Loop through lines of file

while read line; do
    echo "$line";
done </path/to/file.txt

Use grep to find URLs from HTML file

cat urls.html | grep -Eo "(http|https)://[a-zA-Z0-9./?=_%:-]*"
  • grep -E: egrep
  • grep -o: only output what has been grepped
  • (http|https): either http OR https
  • a-zA-Z0-9: match all lowercase, uppercase, and digits
  • .: match period
  • /: match slash
  • ?: match ?
  • =: match =
  • _: match underscore
  • %: match percent
  • :: match colon
  • -: match dash
  • *: repeat the [...] group any number of times

Use Awk to print the first line of ps aux output followed by each grepped line

To find all cron processes with ps aux.

ps aux | awk 'NR<2{print $0;next}{print $0 | grep "cron"}' | grep -v "awk"
  • ps aux : equivalent to ps -aux. -a displays info about other users processes besides to current user. -u displays info associated with keywords user, pid, %cpu, %mem, vsz, rss, tt, state, start, time, and command. -x includes processes which do not have a controlling terminal.
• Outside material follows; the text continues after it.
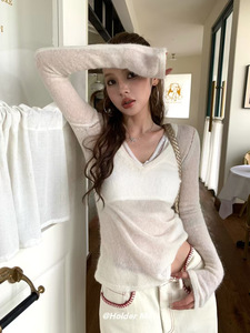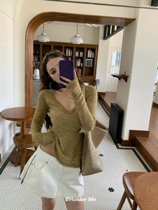 HOLDER ME正版 桔色v领马海毛针织衫秋季修身内搭长袖低领打底衫
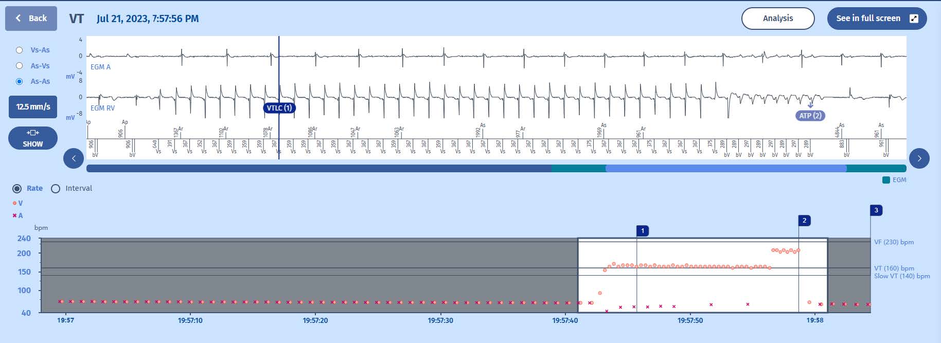 We can see that the ventricular rhythm was indeed considered as stable (PARAD+ step 1) and that there is no PR association (step 2). This is how the diagnosis of VT is made.

See man 1 ps.
  • awk 'NR<2{print $0;next}{print $0 | "grep cron"}' | grep -v "awk" : For number of input records (NR) less than 2, print the input record ($0), go to the next input record and repeat the {print $0} pattern until the end is reached, then execute the END rule. The End rule in this case is {print $0 | "grep cron"}, it prints the remaining input records after piping them through the "grep cron" command. This allows printing the first line of the ps aux output, which consists of the column labels, and filters out everything besides what you want to grep for (e.g. "cron" processes).
  • grep -v "awk" : avoids printing the line containing this command.